▶ **WHAT TO WORK ON**: Within the lines below, the span from the line with "Der offene, gemütliche" to the line with "钢琴谱:我是歌手李健《车站》钢琴独奏 姜创视频", both ends included, is to be reproduced exactly, with pictures omitted.
### EXTRACTED MATERIAL ###
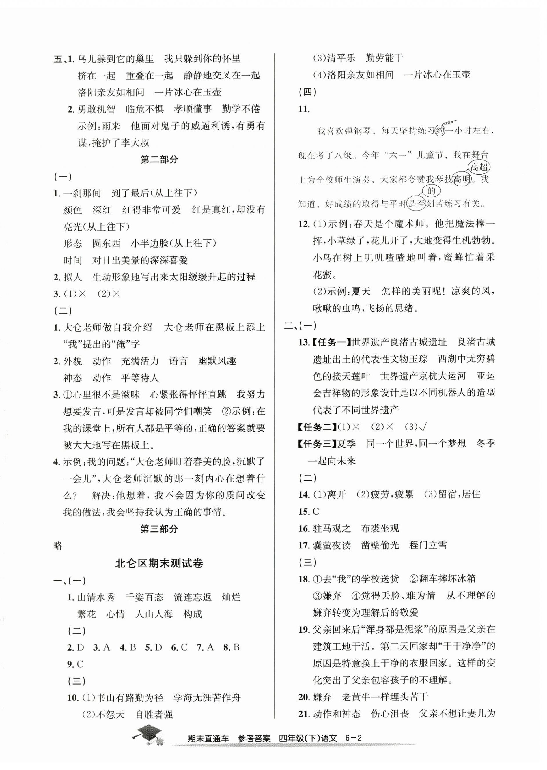 注:目前有些书本章节名称可能整理的还不是很完善,但都是按照顺序排列的,请同学们按照顺序仔细查找。练习册 2024年期末直通车四年级语文下册人教版 答案主要是用来给同学们做完题方便对答案用的,请勿直接抄袭。
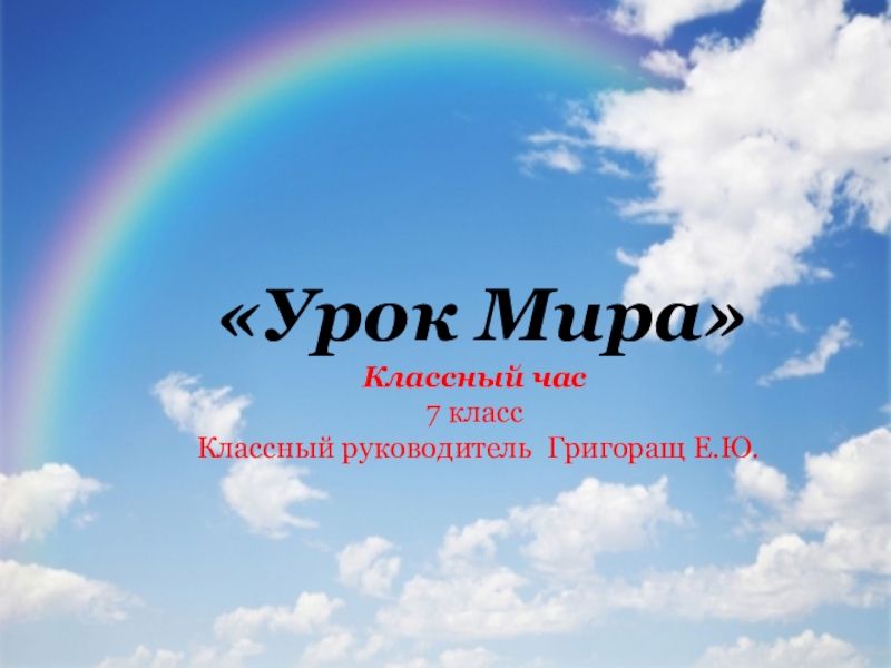 Слайд 1 «Урок Мира» Классный час  7 класс   Классный руководитель Григоращ Е.Ю.
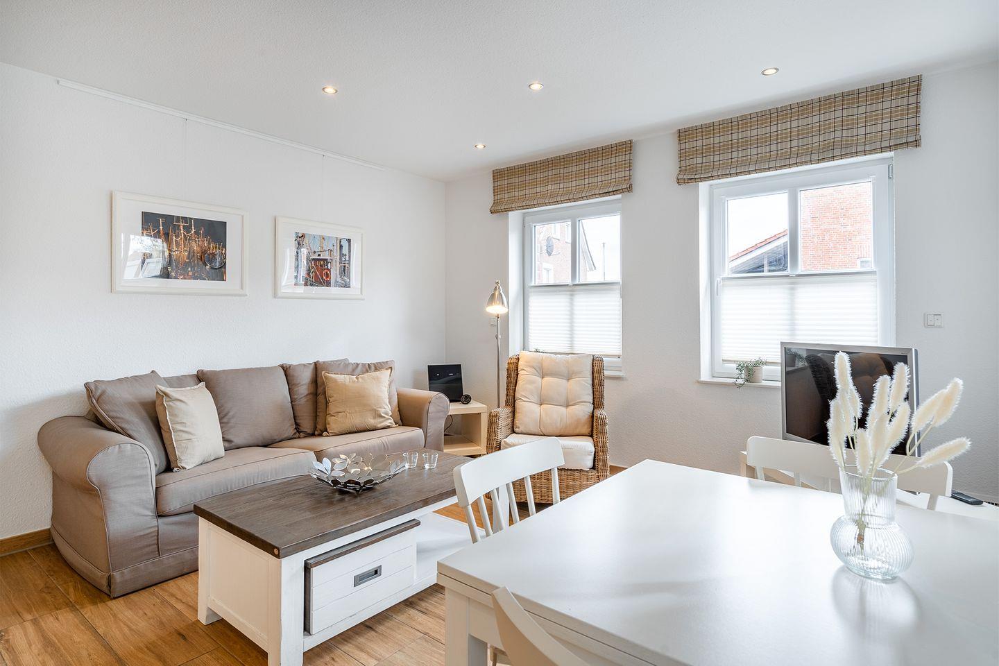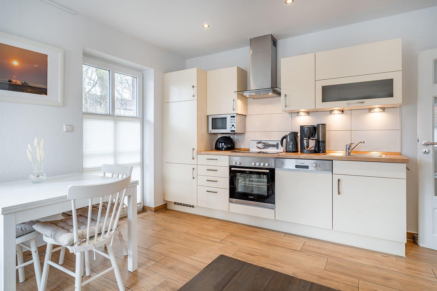 Der offene, gemütliche Wohn-Essbereich ist mit einer modernen Küche und einem TV ausgestattet. Hier finden Sie alles, was Sie für einen entspannten Urlaub benötigen. Durch die bodentiefen Fenster wird der Raum lichtdurchflutet und schafft eine angenehme Wohlfühlatmosphäre. Direkt vom Wohnbereich aus haben Sie Zugang zur Terrasse und dem kleinen Garten, der im Sommer zum Entspannen und Verweilen einlädt.
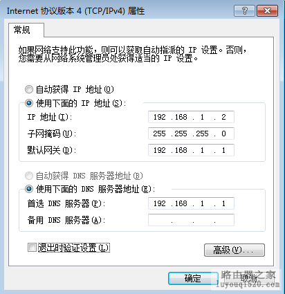 如果你的路由器地址是:192.168.1.1,那么就如下设置
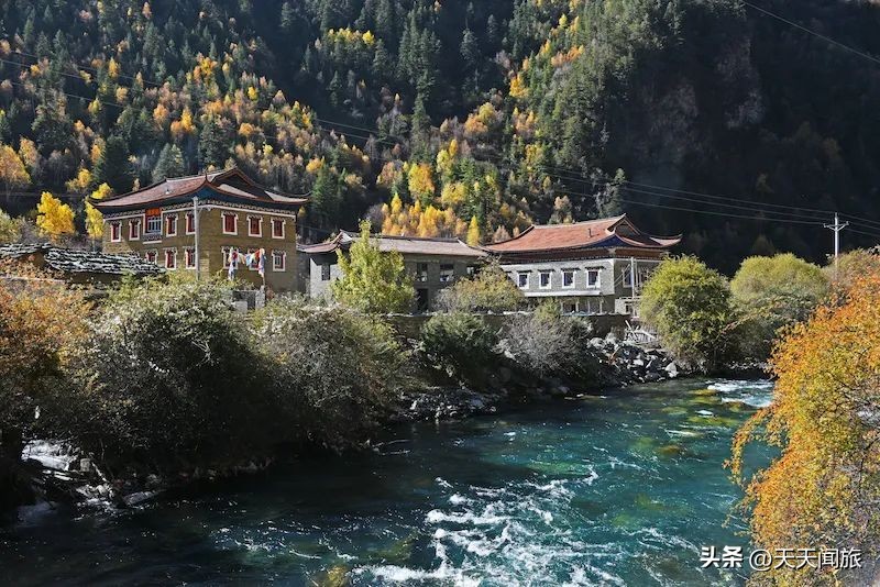距离新都桥镇2公里的十公里的风景长廊,是摄影爱好者心中的圣地。这里平坦的道路,蜿蜒的小河,夏季漫山遍野的野花,秋季金黄的杨树林,在秋阳中发出耀眼的金黄。
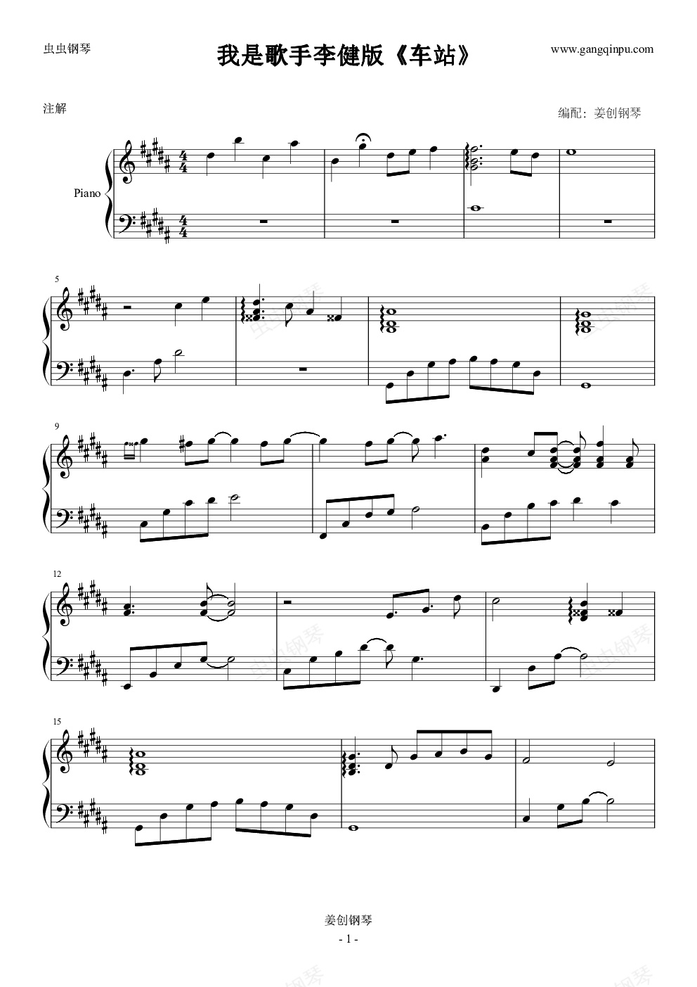钢琴谱:我是歌手李健《车站》钢琴独奏 姜创视频
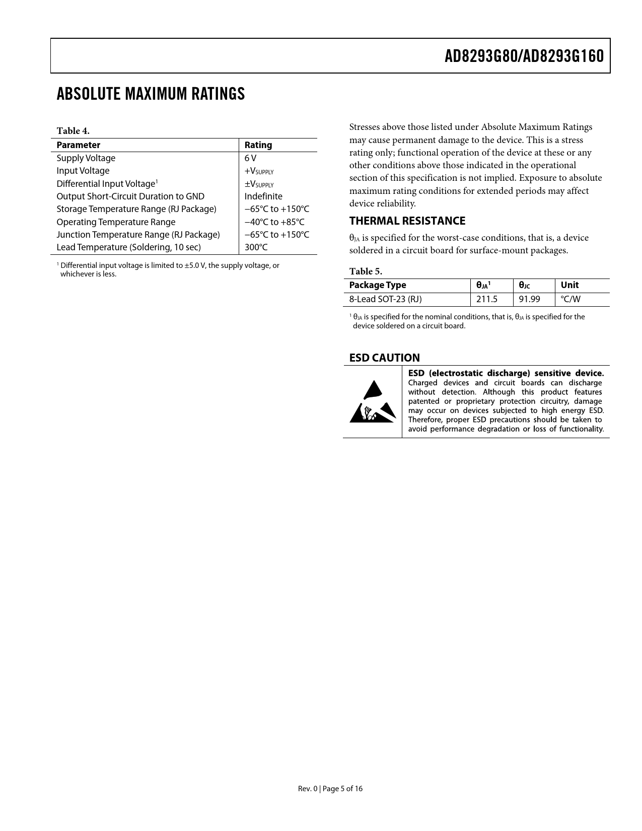 link to page 5 link to page 5 AD8293G80/AD8293G160ABSOLUTE MAXIMUM RATINGSTable 4. Stresses above those listed under Absolute Maximum Ratings may cause permanent damage to the device. This is a stress Parameter Rating rating only; functional operation of the device at these or any Supply Voltage 6 V other conditions above those indicated in the operational Input Voltage +VSUPPLY section of this specification is not implied. Exposure to absolute Differential Input Voltage1 ±VSUPPLY maximum rating conditions for extended periods may affect Output Short-Circuit Duration to GND Indefinite device reliability. Storage Temperature Range (RJ Package) −65°C to +150°C Operating Temperature Range −40°C to +85°C THERMAL RESISTANCE Junction Temperature Range (RJ Package) −65°C to +150°C θJA is specified for the worst-case conditions, that is, a device Lead Temperature (Soldering, 10 sec) 300°C soldered in a circuit board for surface-mount packages. 1 Differential input voltage is limited to ±5.0 V, the supply voltage, or whichever is less. Table 5. Package Typeθ 1JAθJC Unit 8-Lead SOT-23 (RJ) 211.5 91.99 °C/W 1 θJA is specified for the nominal conditions, that is, θJA is specified for the device soldered on a circuit board. ESD CAUTION Rev. 0 | Page 5 of 16 Document Outline FEATURES APPLICATIONS GENERAL DESCRIPTION FUNCTIONAL BLOCK DIAGRAM TABLE OF CONTENTS REVISION HISTORY SPECIFICATIONS ELECTRICAL CHARACTERISTICS ABSOLUTE MAXIMUM RATINGS THERMAL RESISTANCE ESD CAUTION PIN CONFIGURATION AND FUNCTION DESCRIPTIONS TYPICAL PERFORMANCE CHARACTERISTICS THEORY OF OPERATION HIGH PSR AND CMR 1/f NOISE CORRECTION APPLICATIONS INFORMATION OVERVIEW REFERENCE CONNECTION OUTPUT FILTERING CLOCK FEEDTHROUGH POWER SUPPLY BYPASSING INPUT OVERVOLTAGE PROTECTION OUTLINE DIMENSIONS ORDERING GUIDE
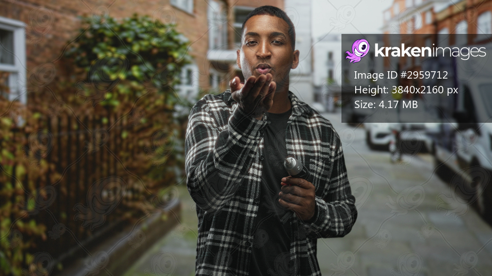Man holding electric screwdriver and blowing from hand on a street, hands visible and plaid shirt; confidence skill craft.
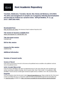 Towobola, Abdulazeez, Towobola, Basirat, Nair, Bosky, Makwana, Arti (2023) The ethics and management of cannabis use in pregnancy following decriminalisation and licensing for medical use: narrative review. BJPsych Bulletin, 47 (1). pp. 28-37. ISSN 2056-4694. (doi:10.1192/bjb.2021.102) (KAR id:113852)
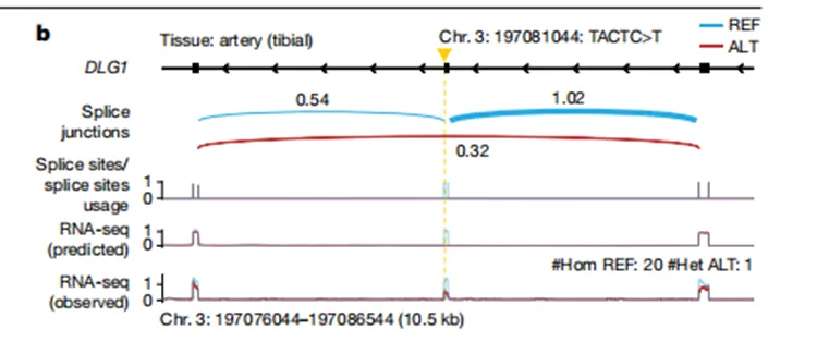 根据这一最新研究,AlphaGenome能根据变异位点,准确预测受影响的外显子剪接位点使用率降低、跳过外显子的连接点丢失,以及外显子旁路的新连接点出现,同时预测该外显子的RNA-seq覆盖度显著下降。这意味着能够扩大遗传变异的解读范围,尽管AlphaGenome还不能直接应用于医学诊断。但当医生发现一个患者有某个基因变异,但不确定它是否致病时,AlphaGenome可以提供"辅助证据":如果预测显示这个变异会严重影响剪接或表达调控,那么它致病的可能性就大大增加,从而帮助医生做出更准确的诊断。
###
▶ **RESPONSE FOR THIS EXERCISE**:
 Der offene, gemütliche Wohn-Essbereich ist mit einer modernen Küche und einem TV ausgestattet. Hier finden Sie alles, was Sie für einen entspannten Urlaub benötigen. Durch die bodentiefen Fenster wird der Raum lichtdurchflutet und schafft eine angenehme Wohlfühlatmosphäre. Direkt vom Wohnbereich aus haben Sie Zugang zur Terrasse und dem kleinen Garten, der im Sommer zum Entspannen und Verweilen einlädt.
 如果你的路由器地址是:192.168.1.1,那么就如下设置
距离新都桥镇2公里的十公里的风景长廊,是摄影爱好者心中的圣地。这里平坦的道路,蜿蜒的小河,夏季漫山遍野的野花,秋季金黄的杨树林,在秋阳中发出耀眼的金黄。
钢琴谱:我是歌手李健《车站》钢琴独奏 姜创视频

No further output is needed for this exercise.